Task to complete | Pictures stay out. Everything else in the listing below gets written out exactly.

Raw data |
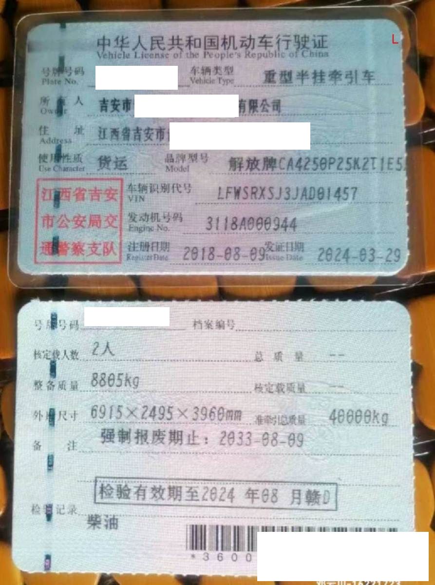 车牌号 赣****** 品牌 解放
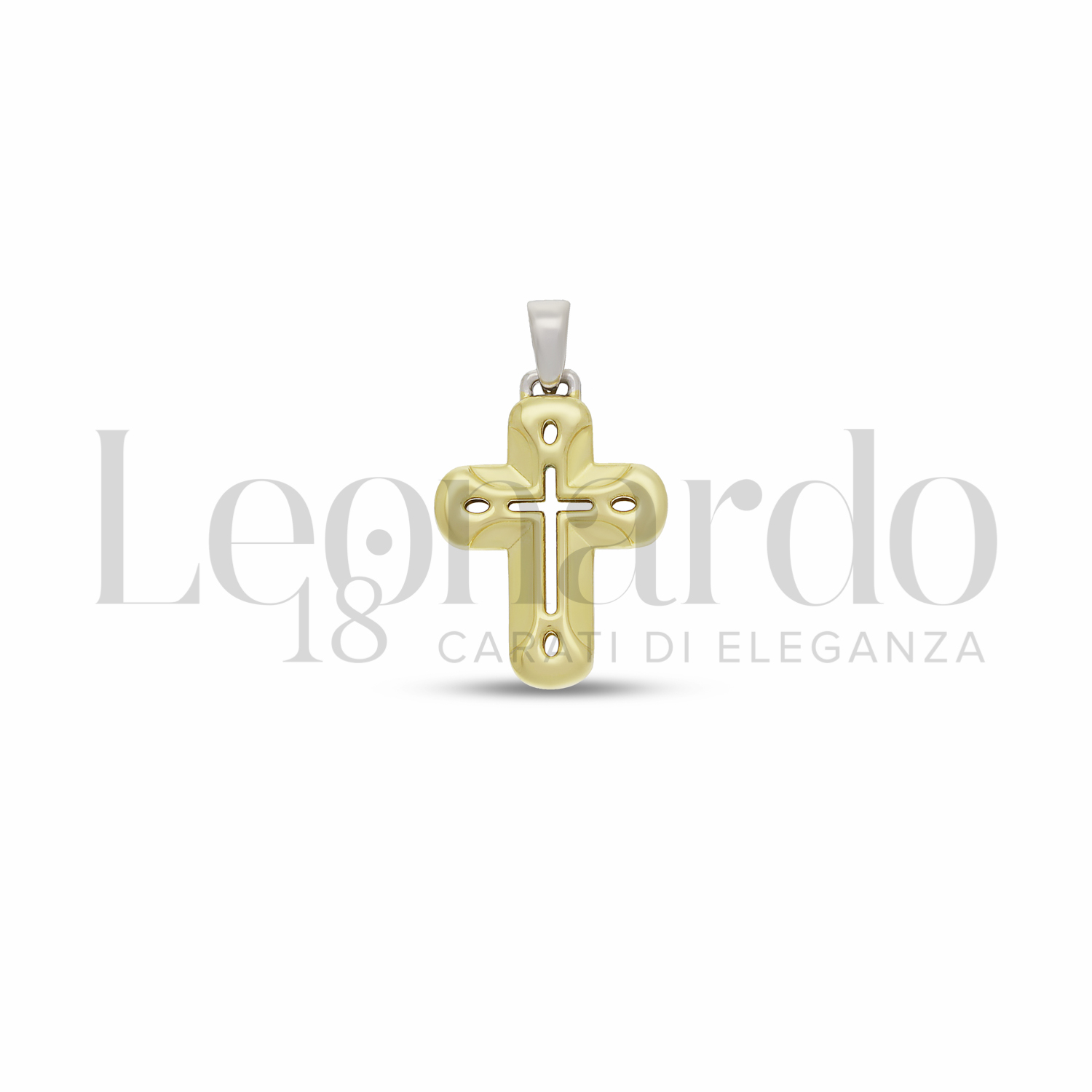 Croce Traforata da Uomo, scatolata, senza Cristo, 1 ° misura, finitura Lucida in Oro Giallo.
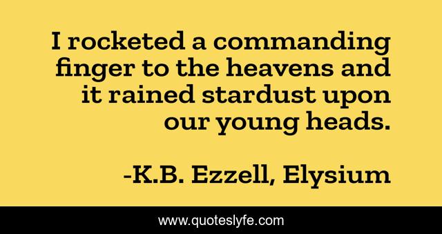 "K.B. Ezzell, Elysium Quotes." Quoteslyfe.com, 2025. Fri. 05 Dec. 2025. <https://www.quoteslyfe.com/quote/I-rocketed-a-commanding-finger-to-the-195256>.
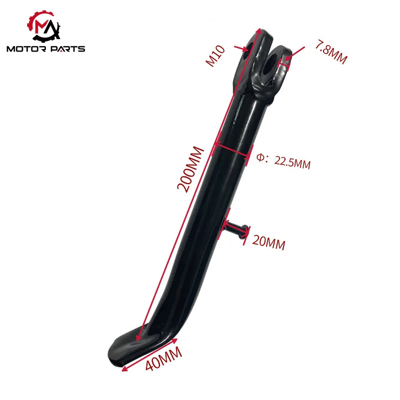 Pé de apoio antiderrapante: A outra extremidade é equipada com um pé de apoio especialmente projetado, apresentando uma superfície plana curva e padrões antiderrapantes em forma de diamante na parte inferior. Este design aumenta efetivamente a área de contato e o atrito com o solo, reduzindo o risco de a motocicleta escorregar quando estacionada.

Exercise answer |
 车牌号 赣****** 品牌 解放
 Croce Traforata da Uomo, scatolata, senza Cristo, 1 ° misura, finitura Lucida in Oro Giallo.
 "K.B. Ezzell, Elysium Quotes." Quoteslyfe.com, 2025. Fri. 05 Dec. 2025. <https://www.quoteslyfe.com/quote/I-rocketed-a-commanding-finger-to-the-195256>.
 Pé de apoio antiderrapante: A outra extremidade é equipada com um pé de apoio especialmente projetado, apresentando uma superfície plana curva e padrões antiderrapantes em forma de diamante na parte inferior. Este design aumenta efetivamente a área de contato e o atrito com o solo, reduzindo o risco de a motocicleta escorregar quando estacionada.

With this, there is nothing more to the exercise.